What is computer vision (or machine vision)?

We’re excited to bring Transform 2022 back to life on July 19th and virtually July 20-28. Join AI and data leaders for sensible conversations and exciting networking opportunities. Register today!


The process of recognizing objects and understanding the world through images collected from digital cameras is often referred to as “computer vision” or “machine vision”. It is one of the most complex and challenging areas of Artificial Intelligence (AI), partly due to the complexity of the many scenes captured from the real world.

The area depends on the digital version of the area viewed by the camera on a combination of geometry, statistics, optics, machine learning and sometimes lighting. Many algorithms deliberately focus on a very narrow and focused goal, such as identifying and reading license plates.

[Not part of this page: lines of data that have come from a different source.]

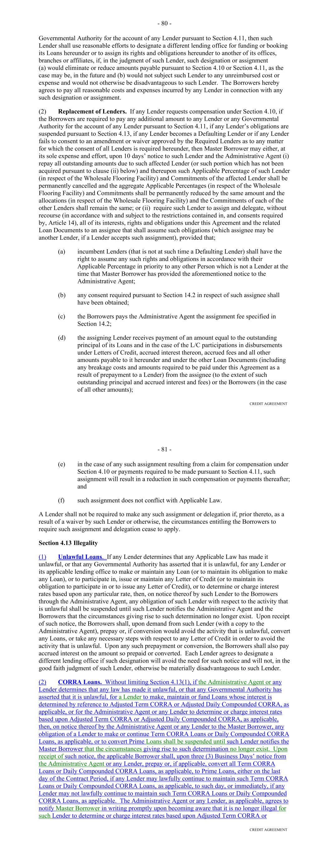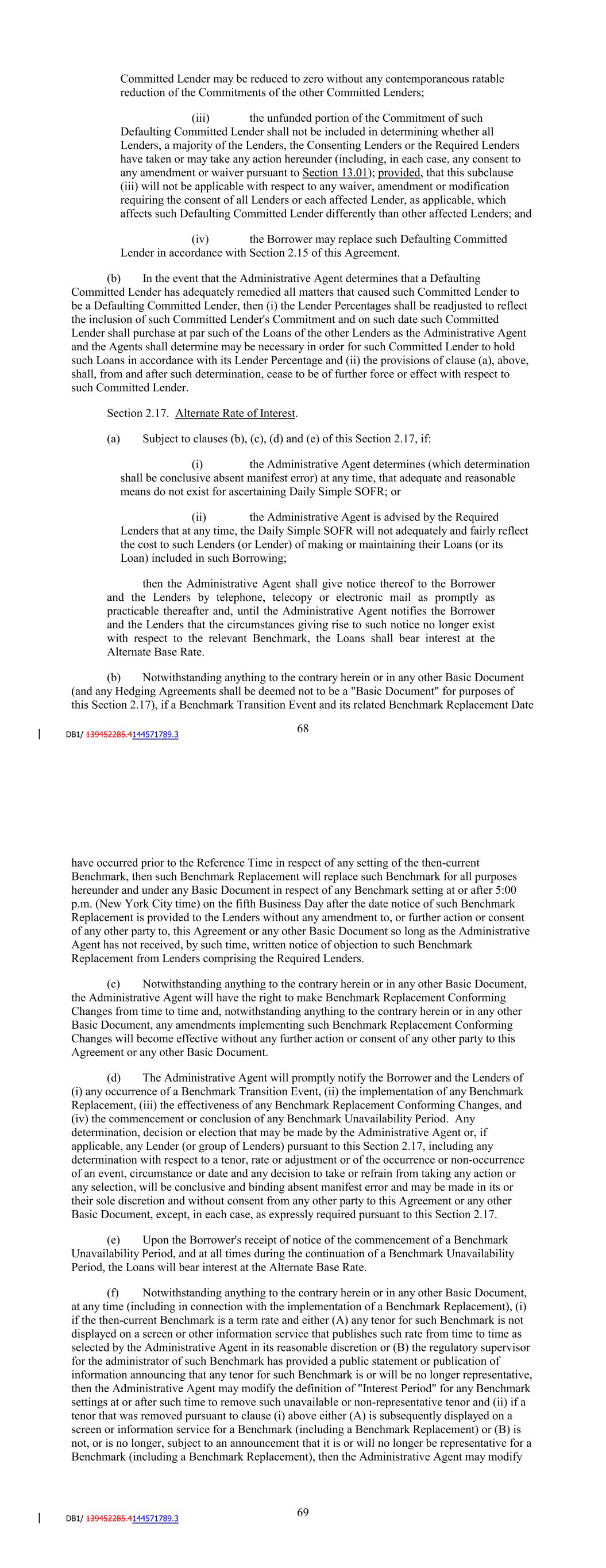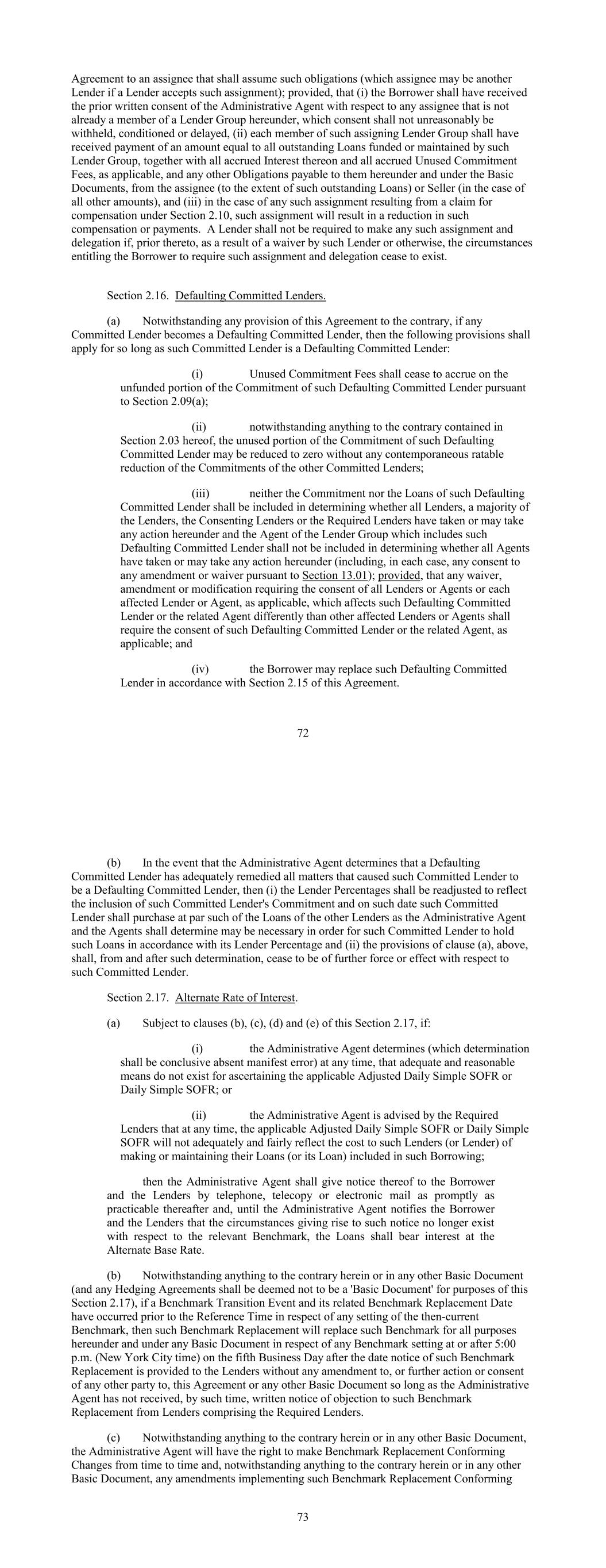 Agreement to an assignee that shall assume such obligations (which assignee may be another Lender if a Lender accepts such assignment); provided, that (i) the Borrower shall have received the prior written consent of the Administrative Agent with respect to any assignee that is not already a member of a Lender Group hereunder, which consent shall not unreasonably be withheld, conditioned or delayed, (ii) each member of such assigning Lender Group shall have received payment of an amount equal to all outstanding Loans funded or maintained by such Lender Group, together with all accrued Interest thereon and all accrued Unused Commitment Fees, as applicable, and any other Obligations payable to them hereunder and under the Basic Documents, from the assignee (to the extent of such outstanding Loans) or Seller (in the case of all other amounts), and (iii) in the case of any such assignment resulting from a claim for compensation under Section 2.10, such assignment will result in a reduction in such compensation or payments. A Lender shall not be required to make any such assignment and delegation if, prior thereto, as a result of a waiver by such Lender or otherwise, the circumstances entitling the Borrower to require such assignment and delegation cease to exist. Section 2.16. Defaulting Committed Lenders. (a) Notwithstanding any provision of this Agreement to the contrary, if any Committed Lender becomes a Defaulting Committed Lender, then the following provisions shall apply for so long as such Committed Lender is a Defaulting Committed Lender: (i) Unused Commitment Fees shall cease to accrue on the unfunded portion of the Commitment of such Defaulting Committed Lender pursuant to Section 2.09(a); (ii) notwithstanding anything to the contrary contained in Section 2.03 hereof, the unused portion of the Commitment of such Defaulting Committed Lender may be reduced to zero without any contemporaneous ratable reduction of the Commitments of the other Committed Lenders; (iii) neither the Commitment nor the Loans of such Defaulting Committed Lender shall be included in determining whether all Lenders, a majority of the Lenders, the Consenting Lenders or the Required Lenders have taken or may take any action hereunder and the Agent of the Lender Group which includes such Defaulting Committed Lender shall not be included in determining whether all Agents have taken or may take any action hereunder (including, in each case, any consent to any amendment or waiver pursuant to Section 13.01); provided, that any waiver, amendment or modification requiring the consent of all Lenders or Agents or each affected Lender or Agent, as applicable, which affects such Defaulting Committed Lender or the related Agent differently than other affected Lenders or Agents shall require the consent of such Defaulting Committed Lender or the related Agent, as applicable; and (iv) the Borrower may replace such Defaulting Committed Lender in accordance with Section 2.15 of this Agreement. 72 (b) In the event that the Administrative Agent determines that a Defaulting Committed Lender has adequately remedied all matters that caused such Committed Lender to be a Defaulting Committed Lender, then (i) the Lender Percentages shall be readjusted to reflect the inclusion of such Committed Lender's Commitment and on such date such Committed Lender shall purchase at par such of the Loans of the other Lenders as the Administrative Agent and the Agents shall determine may be necessary in order for such Committed Lender to hold such Loans in accordance with its Lender Percentage and (ii) the provisions of clause (a), above, shall, from and after such determination, cease to be of further force or effect with respect to such Committed Lender. Section 2.17. Alternate Rate of Interest. (a) Subject to clauses (b), (c), (d) and (e) of this Section 2.17, if: (i) the Administrative Agent determines (which determination shall be conclusive absent manifest error) at any time, that adequate and reasonable means do not exist for ascertaining the applicable Adjusted Daily Simple SOFR or Daily Simple SOFR; or (ii) the Administrative Agent is advised by the Required Lenders that at any time, the applicable Adjusted Daily Simple SOFR or Daily Simple SOFR will not adequately and fairly reflect the cost to such Lenders (or Lender) of making or maintaining their Loans (or its Loan) included in such Borrowing; then the Administrative Agent shall give notice thereof to the Borrower and the Lenders by telephone, telecopy or electronic mail as promptly as practicable thereafter and, until the Administrative Agent notifies the Borrower and the Lenders that the circumstances giving rise to such notice no longer exist with respect to the relevant Benchmark, the Loans shall bear interest at the Alternate Base Rate. (b) Notwithstanding anything to the contrary herein or in any other Basic Document (and any Hedging Agreements shall be deemed not to be a 'Basic Document' for purposes of this Section 2.17), if a Benchmark Transition Event and its related Benchmark Replacement Date have occurred prior to the Reference Time in respect of any setting of the then-current Benchmark, then such Benchmark Replacement will replace such Benchmark for all purposes hereunder and under any Basic Document in respect of any Benchmark setting at or after 5:00 p.m. (New York City time) on the fifth Business Day after the date notice of such Benchmark Replacement is provided to the Lenders without any amendment to, or further action or consent of any other party to, this Agreement or any other Basic Document so long as the Administrative Agent has not received, by such time, written notice of objection to such Benchmark Replacement from Lenders comprising the Required Lenders. (c) Notwithstanding anything to the contrary herein or in any other Basic Document, the Administrative Agent will have the right to make Benchmark Replacement Conforming Changes from time to time and, notwiths
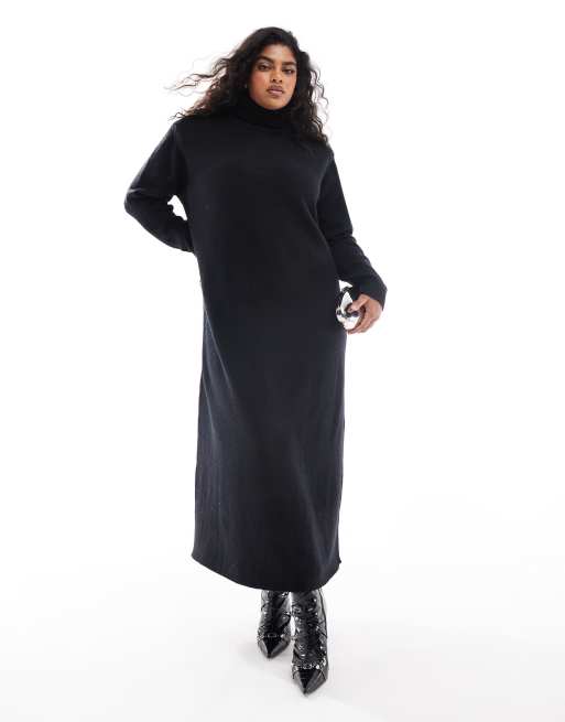 Pretty Lavish Curve – Czarna dzianinowa sukienka maxi z golfem
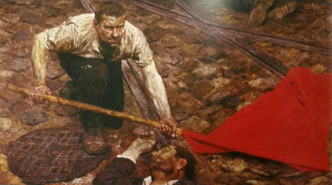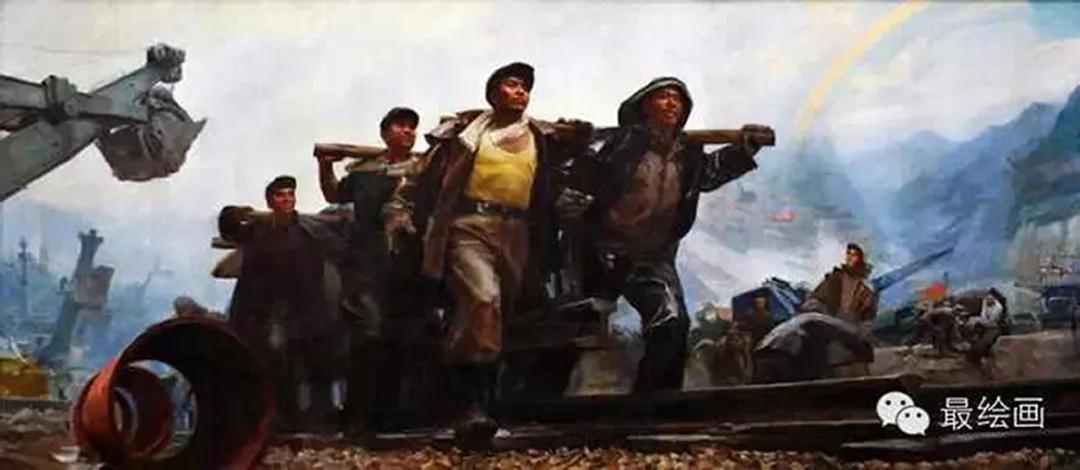 当时陈逸飞去上海梅山体验生活以后创作的,名字叫做《开路先锋》,那时候的口号“铁路先行”,也象征着我们现在朝着正确的道路发展。
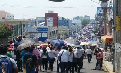 Con arengas como “Va caer, va a caer, la reforma va a caer” o “Peña decía, que todo cambiaría, pero sigue siendo, la misma porquería”, los maestros tabasqueños, con el respaldo del Sindicato de Trabajadores Administrativos y de Intendencia de la Universidad Juárez Autónoma de Tabasco (STAIUJAT), la Unión Nacional de Trabajadores Agrícolas (UNTA), Movimiento Social Democrático Independiente de Tabasco -Coordinadora Nacional Plan de Ayala (MOSDIT) y Frente Sindical Campesino Indígena Popular y Social (FSCIPS), desquiciaron el tráfico urbano en su recorrido por las principales arterias de Villahermosa.
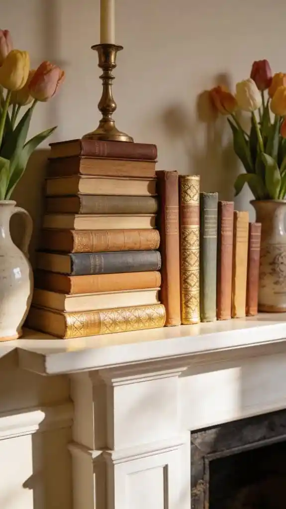 Books can act as both decor and foundation pieces. Stack them vertically to add height and create platforms for smaller decorative items.
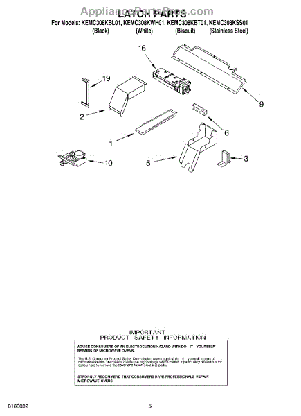 Parts for Kitchenaid KEMC308KWH01: 04 - Latch Parts
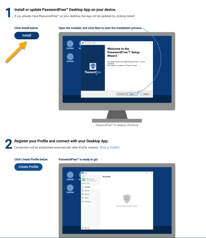 You can download and install the PasswordFree mobile and desktop app simultaneously with registration of your account on the website with PasswordFree integrated into it.
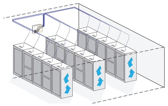 Branddetectie computerruimte. Goede branddetectie in computerruimten is afhankelijk van meerdere factoren..! De factor met de meeste invloed is de wijze waarop de ICT apparatuur in de computerruimte gekoeld wordt. Op de afbeelding is er sprake van ruimtelijk werkende koeling. Hier vindt branddetectie in de computerruimte plaats aan de hand van laser aspiratie branddetectie middels aspiratiebuizen en rookaanzuig monden per serverkast. Aspiratie laser branddetectie wordt in computerruimten steeds meer als aanvullend, ter optimalisatie van de branddetectie in computerruimten, op standaard aan het plafond gemonteerde rookmelders toegepast.
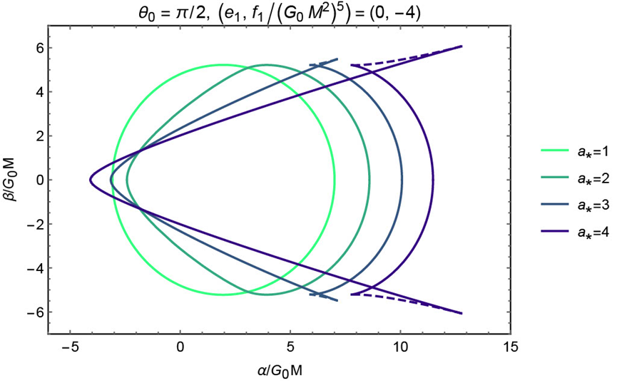 The formation of cusp structures in the shadow critical curves at large angular momentum.
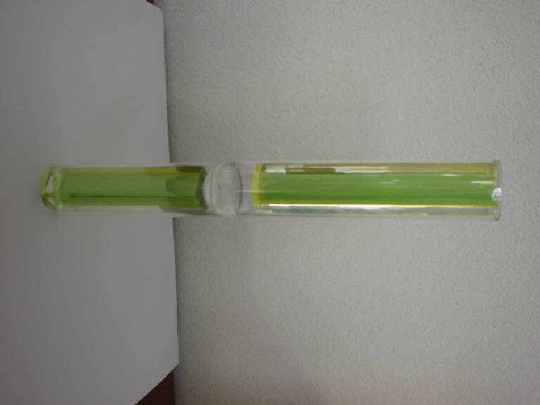 Due cilindri cavi sovrapposti contengono due parallelepipedi allungati di colore verde; tra un cilindro e l'altro, a metà altezza, è disposta una sfera trasparente di diametro identicio al cilindro esterno
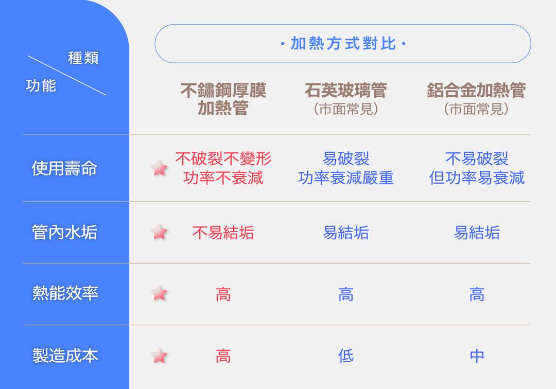 每次煮沸開水,除了會燒去水中原本富含營養的礦物質,更會漸漸累積不好的「亞硝酸鹽」危害身體的健康。一般建議,飲用水以「不煮沸超過 3 次為原則」,KOM 瞬熱式智能飲水機以超高溫不鏽鋼鋼管快速瞬間加熱,讓開水能在 3 秒內達到沸騰點。
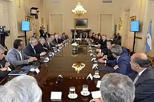 Durante esos días afirmó públicamente que exigiría la renuncia de varios funcionarios con mandatos todavía no cumplidos, como la Autoridad Federal de Servicios de Comunicación Audiovisual, el Banco Central, y el Ministerio Público, todos ellos órganos independientes del Poder Ejecutivo.[23]
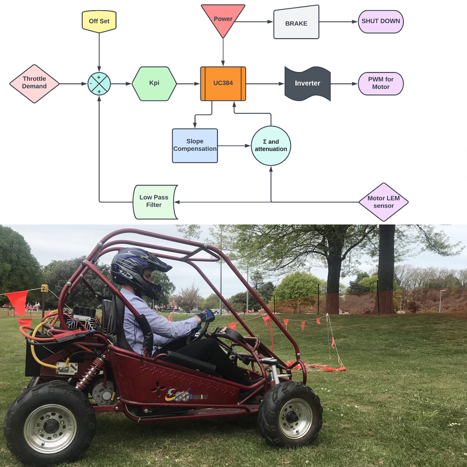Alex Delyagin and I designed, built, tested and deployed an analogue control system that ensured a Go-Kart motor would deliver a safe amount of power for a demanded acceleration. This was achieved via a Fixed Frequency Current Mode Controller (FFCMC). My peers raced against one another to determine who had the fastest lap time, and thereby the most efficient circuit.
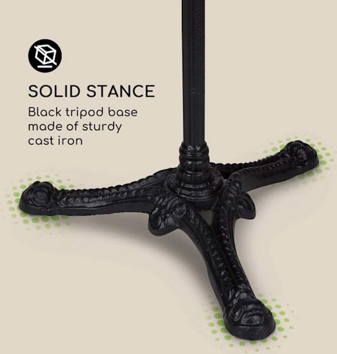 - Support stable : base à trois pieds en fonte robuste
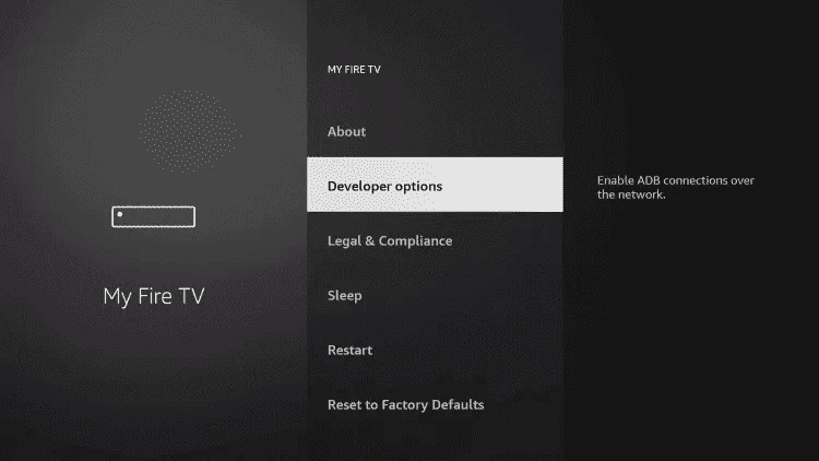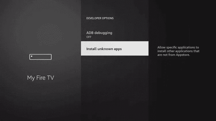 17. Go to settings of firestick >> My Fire TV >> Developer Options >> Install from unknown apps >> Click Downloader to change the status to ON.
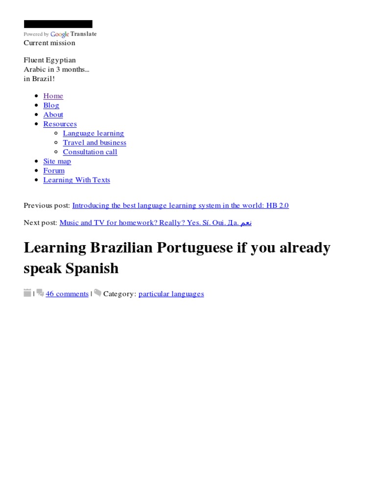 Current mission Fluent Egyptian Arabic in 3 months... in Brazil! Home Blog About Resources Language learning Travel and business Consultation call Site map Forum Learning With Texts Previous post: Introducing the best language learning system in the world: HB 2.0 Next post: Music and TV for homework? Really? Yes. S. Oui. .
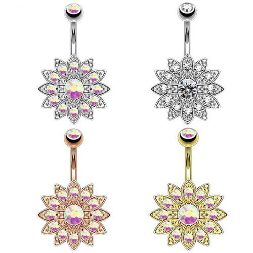 Пирсинг пупка ЦВЕТОК с кристаллами
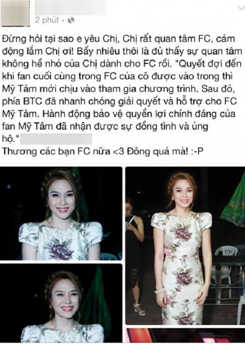 Hay mới đây, trước quy định hết sức vô lý của BTC The Voice khi không đồng ý cho cộng đồng FC của Mỹ Tâm vào bên trong khu vực cổ vũ, Mỹ Tâm ngay lập tức đặt ra điều kiện: Nếu FC không được vào thì cô cũng nhất quyết không vào bên trong.
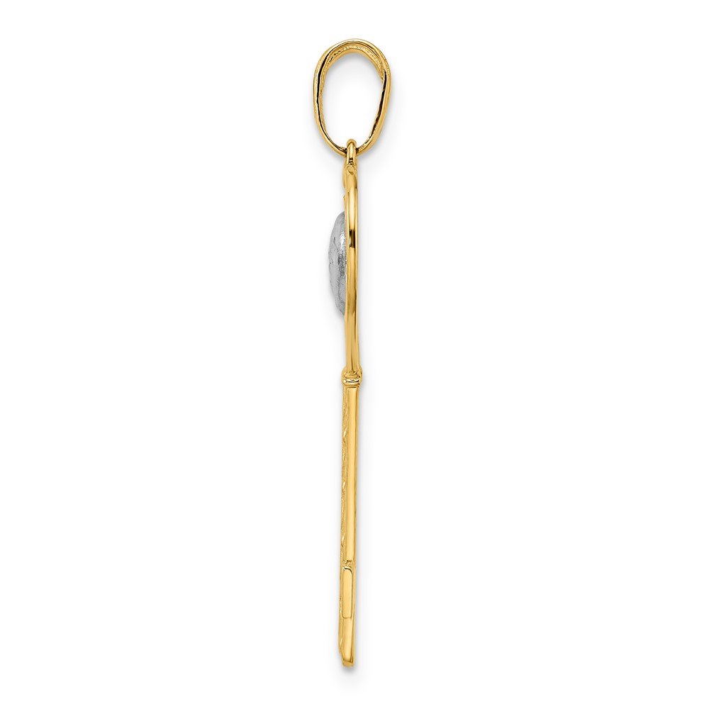 14k and White Rhodium Diamond-cut Heart/Angel Wings Key Pendant
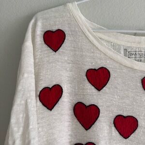 Banner Day Embroidered Hearts Tee 100% Linen Size Large
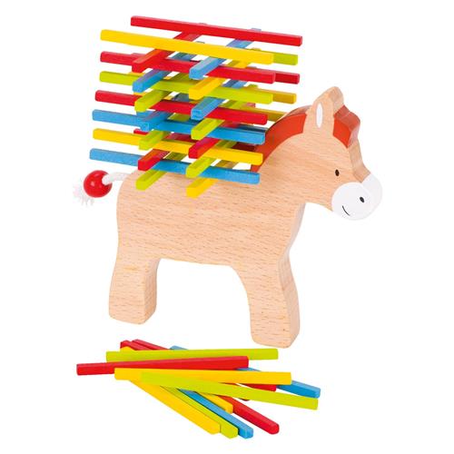 Bouw een zo hoog mogelijke toren bovenop deze trouwe pakezel! Hoe hoger de stapel, hoe gevaarlijker het wordt! Leg jij het laatste stokje neer? Inhoud: 1 houten pakezel en 60 houten balans-stokjes. Geschikt voor kinderen vanaf 5 jaar.
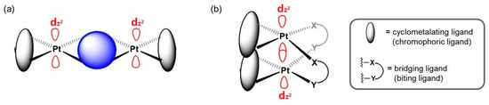Simplified structural representation of different dinuclear Pt(II) complexes depending on the (a) absence or (b) presence of intramolecular Pt-Pt interactions.

Key Areas of Computer Vision

AI scientists often focus on specific targets, and these specific challenges have evolved into important subdivisions. Often, this focus leads to better performance because algorithms have more clearly defined functions. The general goal of Machine Vision may be insurmountable, but it is possible to answer simple questions like reading every license plate behind a toll booth.

Some important areas are:

  • Facial recognition: Identifying people using the ratio of the distance between facial features and facial features in images can help organize the collection of photos and videos. In some cases, it may provide accurate identification enough to provide security.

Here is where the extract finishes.